• The data:
══════
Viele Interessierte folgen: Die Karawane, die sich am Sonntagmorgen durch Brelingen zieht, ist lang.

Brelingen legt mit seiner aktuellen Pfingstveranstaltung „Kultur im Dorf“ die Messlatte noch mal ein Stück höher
══════
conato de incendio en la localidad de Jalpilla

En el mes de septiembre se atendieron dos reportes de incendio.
══════
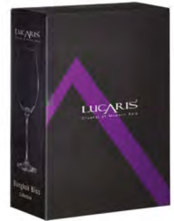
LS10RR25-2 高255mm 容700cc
══════
Among the records above, repeat exactly the line with "Viele Interessierte folgen: Die", the line with "Brelingen legt mit", and every line in between, and only those.

• Expected output:
Viele Interessierte folgen: Die Karawane, die sich am Sonntagmorgen durch Brelingen zieht, ist lang.

Brelingen legt mit seiner aktuellen Pfingstveranstaltung „Kultur im Dorf“ die Messlatte noch mal ein Stück höher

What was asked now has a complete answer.